Question

Question: (II) A guitar string produces 3 beats/s when sounded with a 350-Hz tuning fork and 8 beats/s when sounded with a 355-Hz tuning fork. What is the vibrational frequency of the string? Explain your reasoning.

Short answer

The vibrational frequency of the string is \(347\;{\rm{Hz}}\).

Step-by-step solution

Determination of the beat frequency

The beat frequency is the difference in frequencies of two overlapping sound waves. The equation can be given as \({f_B} = \left| {{f_2} \pm {f_1}} \right|\).

Given information

Given data:

The beat frequency at 350 Hz tuning fork frequency is 3 beats/s .

The beat frequency at \(355\;{\rm{Hz}}\) tuning fork frequency is 8 beats/s .

Evaluation of the vibrational frequency of the string

When the guitar string produces \(3\;{\rm{beats/s}}\) at \(350\;{\rm{Hz}}\) tuning fork frequency, the frequency of the other string can be calculated as:

\(\begin{array}{c}{f_B} = \left| {{f_2} \pm {f_1}} \right|\\\left( {3\;{\rm{beats/s}}} \right) = \left| {350\;{\rm{Hz}} \pm {f_1}} \right|\\{f_1} = 347\;{\rm{Hz}}\;{\rm{or}}\;353\;{\rm{Hz}}\end{array}\)

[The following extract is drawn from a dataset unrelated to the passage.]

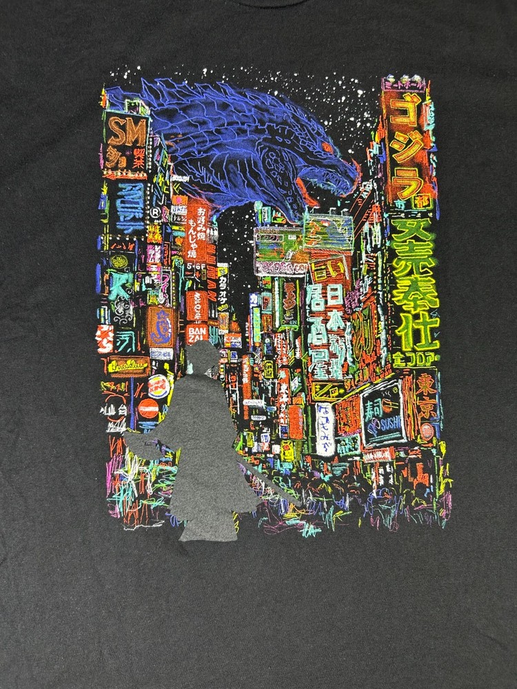 Brand: Threadless Size: XL (Men’s) Material: 100% Cotton Design: Cyberpunk cityscape with a blue Kaiju monster and a silhouetted samurai, vibrant neon colors on black Condition: Pre-owned, in good condition with no visible major flaws All thrifted clothes have been steamed, washed , and or dry cleaned with the utmost care. As always we strive to make every purchase worth it! Feel free to message us with any questions and please go ahead and check out our store! we have many similar items for sale at great prices! Please check the measurements provided if they are provided in photos. Send Us an Offer! :)
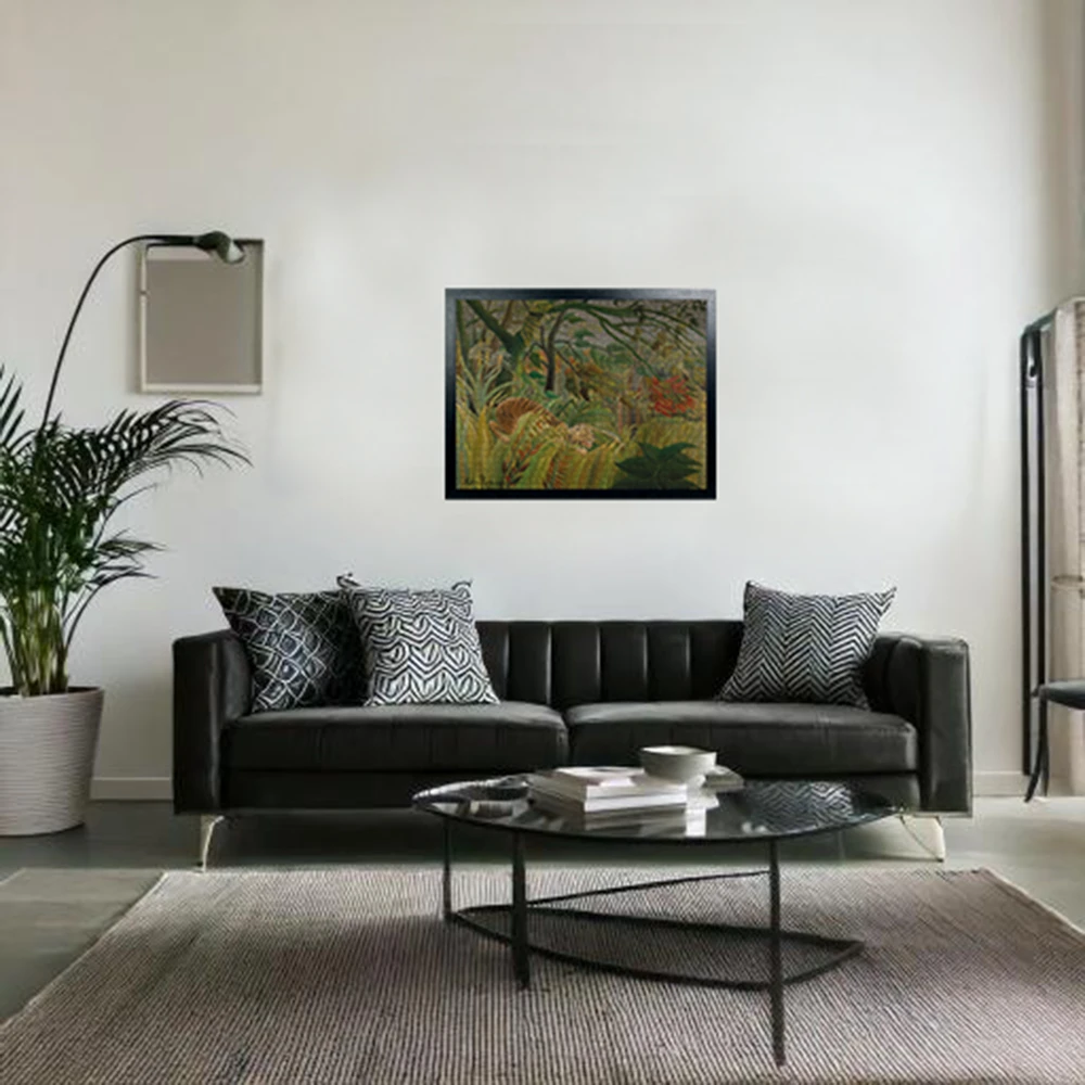 Painted by Henri Rousseau in 1891, this painting features a tiger crouching in jungle foliage and is one of the first of close to 20 jungle themed paintings that Rousseau painted. It is thought that these jungles are imaginary, as Rousseau never left France, despite his own claims that he had.

Similarly, when the guitar string produces \(8\;{\rm{beats/s}}\) at \(355\;{\rm{Hz}}\) tuning fork frequency, the frequency of the other string can be calculated as:

\(\begin{array}{c}{f_B} = \left| {{f_2} \pm {f_1}} \right|\\\left( {8\;{\rm{beats/s}}} \right) = \left| {355\;{\rm{Hz}} \pm {f_1}} \right|\\{f_1} = 347\;{\rm{Hz}}\;{\rm{or}}\;363\;{\rm{Hz}}\end{array}\)

From the above-calculated frequencies, the frequency \(347\;{\rm{Hz}}\) works in both scenarios. Hence, the vibrational frequency of the string is \(347\;{\rm{Hz}}\).